Le siége de Carthage étant ainsi déclaré vacant, la cabale élut pour le remplir Majorinus, domestique de Lucilla, et qui avait été lecteur dans la diaconie de Cécilien. Lucilla acheta cette place en donnant aux évêques quatre cents bourses, pour être, disait-elle, distribuées aux pauvres; mais ils les partagèrent entre eux, pour mieux suivre la vraie intention de celle qui les donnait. Ils écrivirent en même temps par toute l'Afrique, afin de détacher les évêques de la communion de Cécilien. La calomnie, qui naît bien vite de la chaleur des querelles, fut aussitôt mise en œuvre. Ils accusaient les adversaires d'avoir assassiné un des leurs à Carthage, avant l'ordination de Majorinus. Les lettres d'un concile si nombreux divisèrent les églises d'Afrique: mais Cécilien n'en fut pas alarmé, étant uni de communion avec toutes les autres églises du monde, et principalement avec l'église romaine, en qui réside de tout temps la primauté de la chaire apostolique.

LIX. Constantin prend connaissance de cette querelle.

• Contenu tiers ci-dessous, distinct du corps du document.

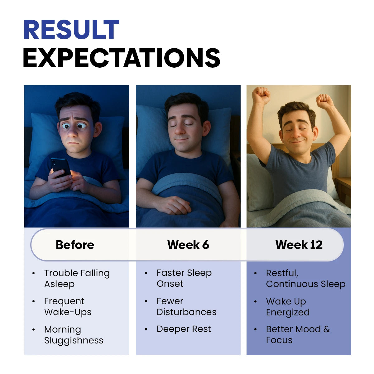 Many users notice a calming effect and easier sleep onset within the first few nights. For consistent, deep, and restorative sleep, use daily for 1–2 weeks.
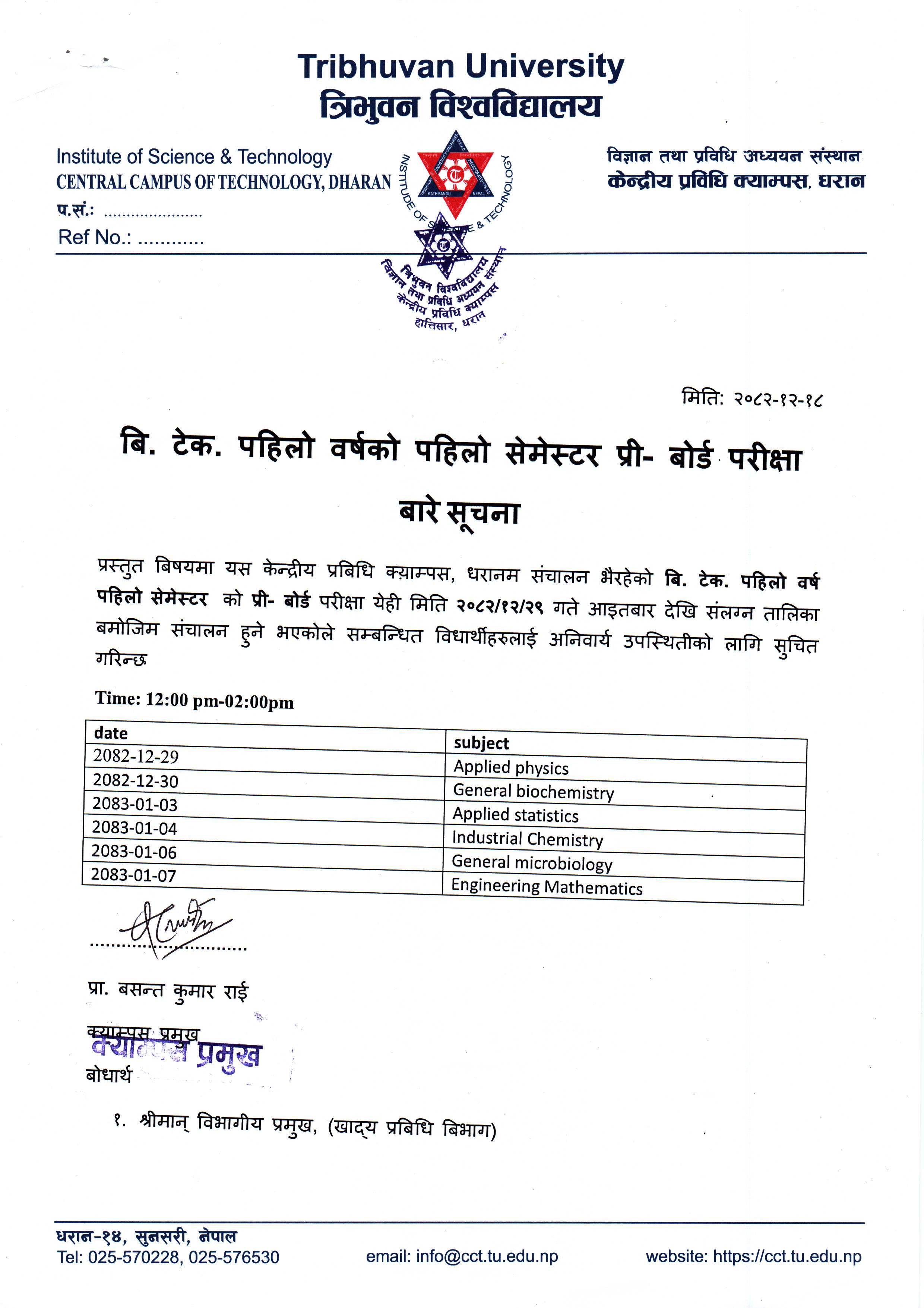 बि.टेक. खाद्य प्रविधि प्रथम वर्ष प्रथम शत्रको प्री-बोर्ड परिक्षा बारे सूचना ।

Peu de temps après l'ordination de Majorinus, Constantin, s'étant rendu maître de l'Afrique, fit distribuer des aumônes aux églises de cette province. Il était déja instruit des troubles excités par les schismatiques, et il les excluait de ses libéralités. La jalousie qu'ils en conçurent aiguisa leur malice. Accompagnés d'une foule de peuple qu'ils avaient séduit, ils viennent avec grand bruit présenter au proconsul Anulinus un mémoire rempli de calomnies contre Cécilien, et une requête à l'empereur, par laquelle ils demandaient pour juges des évêques de Gaule. Ceux-ci semblaient en effet, plus propres à faire dans cette querelle la fonction de juges, parce qu'il n'y avait point parmi eux de Traditeurs, la Gaule ayant été à l'abri de la persécution sous le gouvernement de Constance et de Constantin: l'empereur prit connaissance de ces pièces, et ordonna au proconsul de signifier à Cécilien et à ses adversaires, qu'ils eussent à se rendre à Rome avant le 2 d'octobre de cette année 313, pour y être jugés par des évêques. Il écrivit en même temps au pape Miltiade et à trois évêques de Gaule, célèbres par leur sainteté et par leur savoir, les priant d'entendre les deux parties et de prononcer. Il envoya au pape le mémoire et la requête des schismatiques. Les trois évêques de Gaule étaient Rhéticius d'Autun, Marinus d'Arles, et Maternus de Cologne. Le pape leur joignit quinze évêques d'Italie. Cécilien avec dix évêques catholiques, et Donat à la tête de dix autres de son parti, arrivèrent à Rome au temps marqué.

LX. Concile de Rome.

Le concile s'ouvrit le 2 d'octobre dans le palais de l'impératrice Fausta, nommé la maison de Latran. Le pape y présida; les trois évêques de Gaule étaient assis ensuite; après eux les quinze évêques d'Italie. Il ne dura que trois jours, et tout se passa dans la forme la plus régulière. Dès la première session, les accusateurs ayant refusé de parler, Donat, convaincu lui-même de plusieurs crimes par Cécilien, se retira avec confusion, et ne reparut plus devant le concile. Dans les deux autres sessions on examina l'affaire de Cécilien; on déclara illégitime et irrégulière l'assemblée des soixante et dix évêques numides; mais on ne voulut pas entrer en discussion sur Félix d'Aptunge: outre que cet examen était long et difficile, on décida qu'il était inutile dans la cause présente, puisque supposé même que Félix fût traditeur, n'étant point déposé de l'épiscopat, il avait pu ordonner Cécilien. On prit dans le jugement le parti le plus doux, ce fut de déclarer Cécilien innocent et bien ordonné, sans séparer de la communion ses adversaires. Le seul Donat fut condamné sur ses propres aveux, et comme auteur du trouble. On rendit compte à Constantin de ce qui s'était passé, et on lui envoya les actes du concile. Miltiade ne survécut pas long-temps; il mourut le 10 de janvier de l'année suivante, et Silvestre lui succéda.